Apesar da crescente aceitação, a atuação do fisioterapeuta em academias ainda enfrenta desafios. A percepção pública sobre o escopo de atuação do fisioterapeuta pode ser limitada, muitas vezes associando-o apenas a clínicas e hospitais (Jensen, 2010). Há também a necessidade de maior clareza regulatória em alguns contextos sobre a interface entre fisioterapeutas e outros profissionais do exercício (Sao Paulo, 2014). 

4.4 Prática Baseada em Evidências e Oportunidades Futuras 

A prática da musculação terapêutica deve ser baseada em evidências científicas (Domholdt, 2015). O fisioterapeuta deve estar atualizado com as últimas pesquisas e diretrizes clínicas, a fim de oferecer o tratamento mais eficaz e seguro para seus pacientes (Hayden, 2014). 

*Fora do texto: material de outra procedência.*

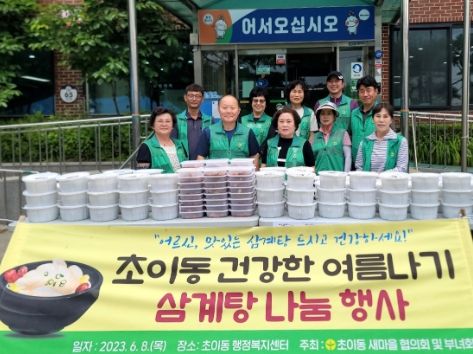 초이동 『건강한 여름나기 삼계탕 나눔 행사』는 초이동 새마을협의회(부녀회)에서 매년 실시하는 행사로 동네 어르신 및 독거노인 등이 더운 여름철을 맞아 건강하게 지내시기를 바라며 이루어지는 행사이다.
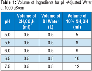 Tables 1 and 2 show the ingredients for pH-adjusted waters at 1000µS/cm and 6000µS/cm, respectively. If solutions in these tables will be prepared, follow the indicated volumes of acetic acid, DI water, and ammonium hydroxide for steps 1 and 2.
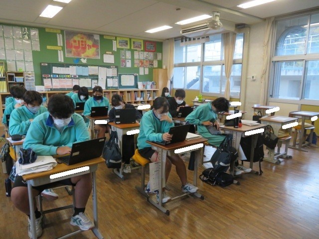 3年C組の社会の時間です。AIドリルを活用して、ここまでの学習の復習を行っています。

Algumas estratégias para uma prática baseada em evidências na musculação terapêutica incluem: 

  • Utilização de instrumentos de avaliação validados (Trovato, 2012) 
  • Prescrição de exercícios com base em protocolos estabelecidos (Moore, 2012) 
  • Monitoramento do progresso do tratamento com medidas objetivas (Magee, 2008) 
  • Participação em cursos de atualização e congressos científicos (Goodman; Snyder, 2013) 
  • Leitura de artigos científicos e livros especializados (Prentice, 2011) 

As oportunidades são vastas. A demanda por serviços de saúde preventiva e reabilitação baseada em exercícios está em ascensão (Hall, 2015). A academia oferece um ambiente acessível e motivador para a continuidade do tratamento após a alta de clínicas, prevenindo a recorrência de lesões e promovendo um estilo de vida ativo (Umphred, 2013). A especialização em áreas como fisioterapia esportiva, geriatria e saúde da mulher com foco em treinamento de força abre novos nichos de mercado para o fisioterapeuta na academia (Cameron, 2012). 

5. Conclusão 

A musculação terapêutica representa uma ferramenta valiosa para a reabilitação, melhora da funcionalidade e promoção da saúde. O fisioterapeuta, com seu conhecimento especializado, desempenha um papel crucial na prescrição e supervisão de exercícios resistidos em academias de musculação. A atuação do fisioterapeuta na academia de musculação nos dias de hoje é um reflexo da evolução da fisioterapia e da crescente valorização do exercício como medicina. Longe de ser um mero instrutor, o fisioterapeuta contemporâneo é um especialista em movimento, capaz de prescrever e gerenciar programas de musculação terapêutica com rigor científico e individualização. Ao seguir uma prática baseada em evidências, o fisioterapeuta pode garantir a segurança e eficácia do tratamento, proporcionando aos pacientes uma melhor qualidade de vida. A contínua busca por evidências, a educação do paciente e a colaboração interprofissional são pilares que sustentam e expandem essa prática essencial.